Super Funds

Basic Guide to Self Managed Superannuation Funds

Superannuation is a great way to invest for your retirement because it allows you to build funds gradually until you reach retirement age. While workers are legally entitled to join a fund when they are employed, you may also decide to join and contribute to a self managed superannuation fund or diy super funds.
Nature of DIY Super Funds

Self managed superannuation funds (SMSFs) are funds established for a small group of people, typically less than 5, and regulated by the Australian Tax Office. As a trust fund, the fund members or contributors are its trustees as well, having the responsibility for the prudential operation of their funds and in creating and implementing an investment strategy. Its assets and money are strictly for providing retirement benefits of its members and not for the personal use of any of the trustees or other third party.

Advantages of super funds
Super funds, including DIY super funds, are entitled to tax concessions such as a lower income tax rate and allowable deductions for contributions made. These funds also enjoy government benefits and in some cases may even provide insurance coverage as well as total and permanent disability insurance for its members.

Who can join?
Generally, anyone can join a super fund, whether you are employed or not. If you’re not employed or have a low income, your spouse can contribute for you until you reach the age of 65. If you’re self employed, you can also decide to join and contribute to a fund and claim a full tax deduction for contributions you make.

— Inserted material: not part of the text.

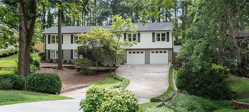 Experience this beautifully renovated home less than a mile from Pope High School and in the quiet Rolling Acres neighborhood! This modern raised ranch has the ultimate open-concept floor plan that's move in ready with a warm and expansive living area, with vaulted ceilings and flows effortlessly into a gourmet kitchen and dining room. Natural light fills every corner of the living room with an abundance of thoughtfully placed windows, skylights and a cozy fireplace. The newly renovated kitchen features state-of-the-art stainless steel appliances, custom cabinetry, quartz countertops, and a spacious island. A separate dining room is perfect for your family gatherings. Retreat to a serene master bedroom with vaulted ceilings and a spa-like ensuite bathroom with dual vanities, modern fixtures, new walk-in shower and quartz countertops. Also on the main level, you'll find two generously sized secondary bedrooms which share an updated hall bath. Don't miss the many renovations and upgrades, including new luxury vinyl plank floors, exterior and interior paint with custom colors, new roof, bathrooms, carpet, lighting, hardware, sod, gutters and gutter guards. Enjoy all the benefits of one additional bedroom and one full bath on the terrace level and two extra rooms that are versatile and can be used as guest rooms, a gym, home office, playroom, or movie room. Step outside into the backyard where you'll find the perfect getaway to relax and spend time with family and friends. Amenities include a spacious two-car garage, and ample storage throughout the home and in the backyard shed with electricity. Homeowners can join The Pines Swim Club within the neighborhood. You're also only a short drive away to downtown Roswell, Avenue East Cobb, and many local parks. This is the home you and your family have been dreaming about!

Limitations of DIY superannuation
This type of super fund is governed by super laws and the trust deed which is a legal document setting out the rules for establishing and operating the fund. In particular, the trust deed will specify:

  • the powers, duties and responsibilities of the fund’s trustees
  • the rights of the members
  • the fund’s objectives
  • who the trustees are
  • qualifications of a trustee
  • manner of appointment and removal of trustees
  • qualifications of members
  • when contributions can be made
  • how to avail of benefits
  • appointment of professional advisers like an auditor
  • winding up procedures

While a self managed superannuation is a do-it-yourself arrangement, it requires a generous amount of your time and investment skills to manage and operate profitably. Anyone intending to set up one must be prepared to comply with strict requirements of super laws and seeking expert advice at the outset is highly advisable.